On 17 April 1530, Cranmer’s salary was tripled, reflecting an elevated status. By
22 Aug 1530, still at Rome, Ghinucci (on Henry’s dole to watch over English matters
in Rome and also as a vacant Bishop of Worcester) confers on
Bredon the parish
church of St. Gile’s, Bredon, Worcester, a wealthy parish and Cranmer first, albeit,
vacant cure. Cranmer also makes other important contacts. The gathering of university
opinions continues with a “good deal of cash changing hands” (51). Stokesley and
Crome, other agents on the Continent in the same business, get to fighting. Cranmer
gets on well with all—“kept on good terms with all of his difficult colleagues”
(53). Again, Dr. Cranmer crosses the Channel at Calais with Stokesley by mid-Oct
1530. In Jan 1531, Stokesley convenes a team to debate issues: six “royal partisans”
and “six opponents” headed by Bishop John Fisher. By this time, Henry is stepping
up his campaign to clip Roman wings and authority. Others are beginning “to see
more clearly the wider religious issues which lay behind it” [the marriage issue]

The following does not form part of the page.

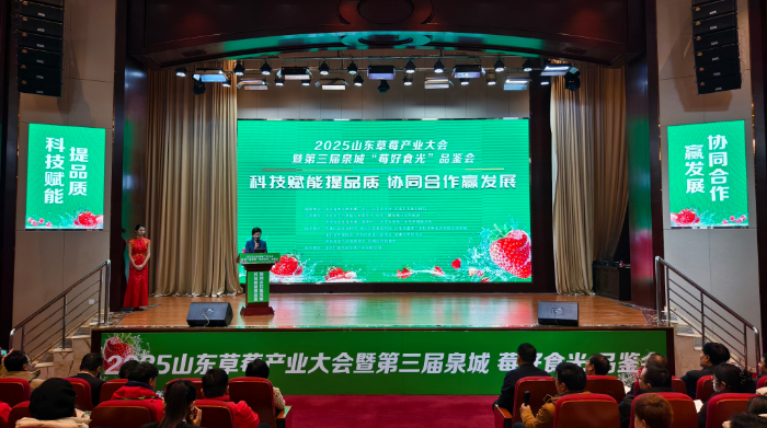 2025年1月10日至11日,由山東農(nóng)學(xué)會(huì)草莓專業(yè)委員會(huì)、山東廣播電視臺(tái)農(nóng)科頻道、濟(jì)南市農(nóng)業(yè)技術(shù)推廣服務(wù)中心共同主辦的2025年山東草莓產(chǎn)業(yè)大會(huì)暨第三屆中國•泉城“莓好食光”品鑒會(huì)在濟(jì)南召開。本次大會(huì)以“科技賦能提品質(zhì) 協(xié)同合作贏發(fā)展”為主題,旨在搭建草莓生產(chǎn)全產(chǎn)業(yè)鏈的交流與交易平臺(tái),探討草莓產(chǎn)業(yè)前沿品種、技術(shù)及市場發(fā)展趨勢(shì)。山東省農(nóng)業(yè)農(nóng)村廳黨組成員、副廳長楊武杰、濟(jì)南市農(nóng)業(yè)農(nóng)村局黨組書記、局長孟帥、山東農(nóng)學(xué)會(huì)秘書長張希軍等出席了會(huì)議。來自全國各地的草莓專業(yè)合作社、種植基地、采購企業(yè)、農(nóng)資及設(shè)施企業(yè)負(fù)責(zé)人等300余人參加了此次盛會(huì)。

(53). Did Dr. Cranmer ever visit parish church at Bredon? He was doing theological
trouble-shooter’s work in 1531, reviewing Reginold Pole’s book, a “carpet-bombing”
of the royal case. Cranmer is grabbing up studies from canon law on jurisdictional
claims of the Papacy to England. Dr. Cranmer may have been doing “opposition research”
(our words) and may have been called to “vet opposition literature” (54). Henry
likes what’s being produced and he draws inspiration and confidence from it. The
Collectanea Satis Copiosa was an academic study and collection of such studies
for the government’s use. Sorry, Mr. Pope, but Henry is the sole and total sovereign
of England. Some words from the Collectanea end up in the preamble to the
1533 Act in Restraint of Appeals. Cranmer’s big idea (and Henry’s and others): “We’ll
settle these matters in England, thank you, Clement VII. We like ya’ but don’t need
ya.’”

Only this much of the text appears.